Meanwhile, MobileNetV2 introduces two important innovations based on MobileNetV1: Inverted Residuals and Linear Bottlenecks. The core idea of the linear bottleneck is to avoid using nonlinear activation functions in the low-dimensional bottleneck layer to ensure the integrity of the input information and prevent the loss of key information in the video frames. In contrast, non-linear activation functions are introduced in the high-dimensional expansion layer to enhance the model’s expressive power. The design of the Inverted Residuals is opposite to that of the traditional residual block. The shortcut connections are located between the low-dimensional bottleneck layers, while the intermediate layers perform feature extraction and nonlinear transformations using lightweight depthwise separable convolutions. This design not only significantly reduces the number of model parameters, but also further improves computational efficiency, making MobileNetV2 more suitable for deployment and operation in resource-constrained environments.
3. Methods
3.1. Conception
The Two-cascade TSM proposed in the literature [
14]is an improvement on the traditional TSM, which significantly enhances the model’s ability to extract long-term information. However, when attempting to cascade more TSMs within the same residual block, the experimental results did not meet expectations. The authors speculate that this might be due to the excessive temporal shifting operations, which cause the originally adjacent feature maps in different channels to become sparse in the temporal dimension, thereby weakening the model’s performance.

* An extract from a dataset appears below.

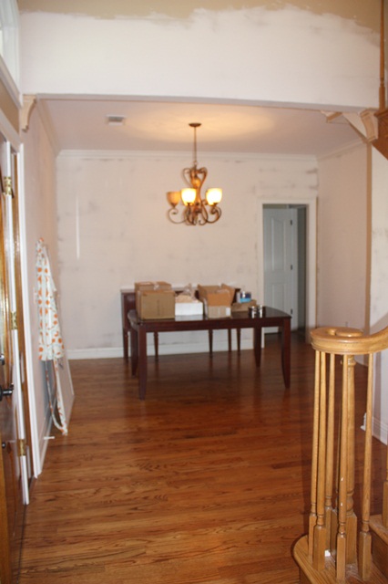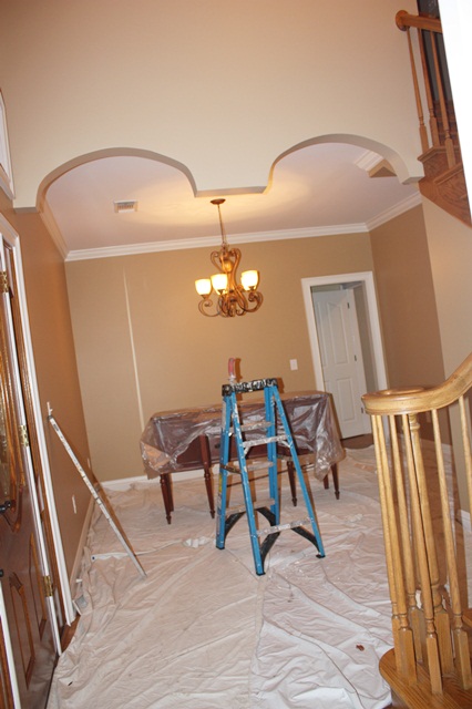 We are still in renovation mode. The kitchen is about done (are you sick of hearing about it yet?) ~ we have one more good day to wrap up loose ends, hang lights, hook up plumbing in a couple of sinks, etc. Hopefully that day will happen this week. Last week they took this funky arch out of the foyer. We’ve been trying to figure out it’s use ever since we moved in. Also, we’re painting the dining room so the walls had to be mudded first. The existing paint was drippy, hence the mud. The mud walls will be sanded first and then painted.

Based on this observation, this paper proposes a new hypothesis: if a feature fusion step is added after each temporal shift to combine the feature maps at the same temporal position before and after the shift, could this further enhance the model’s ability to extract longer-term temporal information? Through feature fusion, the associations between features in the temporal dimension can be strengthened without adding additional parameters, thereby compensating for the information sparsity caused by multiple shifting operations.
Moreover, to make the designed model more lightweight, this paper chooses to replace traditional ResNet with MobileNetV2 as the base model. MobileNetV2, with its unique inverted residual structure and linear bottleneck design, significantly reduces the number of parameters and computational complexity while maintaining performance. Therefore, combining the DualCascadeTSF module with MobileNetV2 not only can achieve higher accuracy but also effectively reduce the model size and improve the calculation speed, making it more suitable for deployment on resource-constrained edge devices.

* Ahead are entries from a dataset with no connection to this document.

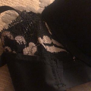 Extremely soft new black push-up convertible bra. Has push up padding in cups and “invisible “ edges made to blend into skin and not show or dig-in . Very soft fabric. Beautiful embroidered lace around sides. Had removable straps can be worn strapless or criss-crossed for racerback styles.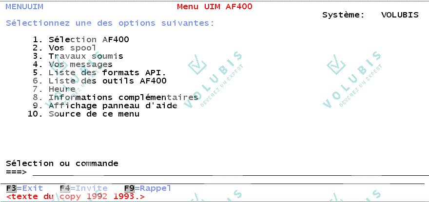 .* ------------------------------------------------------------------ * .* Option 1 $AID1 * .* -------------------------------------------------------------------* :HELP NAME='menu/option1'. Option 1 - Aide :XH3.Option 1. :P. Sélection AF400 :EHELP. .* ------------------------------------------------------------------ * .* Option 2 $AID2 * .* -------------------------------------------------------------------* :HELP NAME='menu/option2'. Option 2 - Aide :XH3.Option 2. :P. Voir vos spool :EHELP. .* ------------------------------------------------------------------ * .* Option 3 $AID3 * .* -------------------------------------------------------------------* :HELP NAME='menu/option3'. Option 3 - Aide :XH3.Option 3. :P. Travaux soumis. :EHELP. .* ------------------------------------------------------------------ * .* Option 4 $AID4 * .* -------------------------------------------------------------------* :HELP NAME='menu/option4'. Option 4 - Aide :XH3.Option 4. :P. Voir vos messages :EHELP. .* ------------------------------------------------------------------ * .* Option 5 $AID5 * .* -------------------------------------------------------------------* :HELP NAME='menu/option5'. Option 5 - Aide :XH3.Option 5. :P. Liste formats des structures API |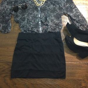 Very short black stretchy mini skirt. Not the most expensive but looks good if paired with the right clothes/accessories. Pairs well with tights in winter or the right legs in summer! Can fit anyone size 4-6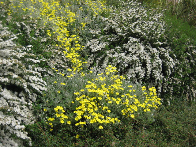 Florile sunt asemeni margaretelor, petalele fiind ca niste raze galbene cu discuri in centru, dispuse in panicule. Abundenta florilor au tendinta de a acoperi literalmente intreaga tufa.

3.2. DualCascadeTSF Module
Based on the concept mentioned above, this paper proposes a module, the Dual Cascade Temporal Shift and Fusion (DualCascadeTSF) module. The design of this module inherits the core idea of the TSM, which involves shifting the temporal positions of video frame channels to alter the manner of convolution operations, thereby improving computational efficiency. Building on this foundation, the DualCascadeTSF module further introduces a feature fusion mechanism that merges feature maps at the same temporal position during each temporal shift. This enhances the model’s ability to extract longer-term information. As shown in
Figure 3, the working principle of the DualCascadeTSF module is illustrated. Stage 1 represents the original input video stream, where each column corresponds to a channel and each row represents a frame. In this figure, we assume that it has 4 frames and 6 channels. Stage 2 involves the first temporal shift, where one channel is shifted forward in time, while another channel is shifted backward. Stage 3 shows the feature fusion of the original input video stream with the shifted video stream after the first temporal shift. Stage 4 involves a second temporal shift after the first feature fusion. Stage 5 shows the feature fusion of the original input video stream with the shifted video stream after the second temporal shift. At this point, the DualCascadeTSF module completes its entire operation. It can be seen from the figure that the working principle of the DualCascadeTSF module is very simple and does not introduce significant additional parameters.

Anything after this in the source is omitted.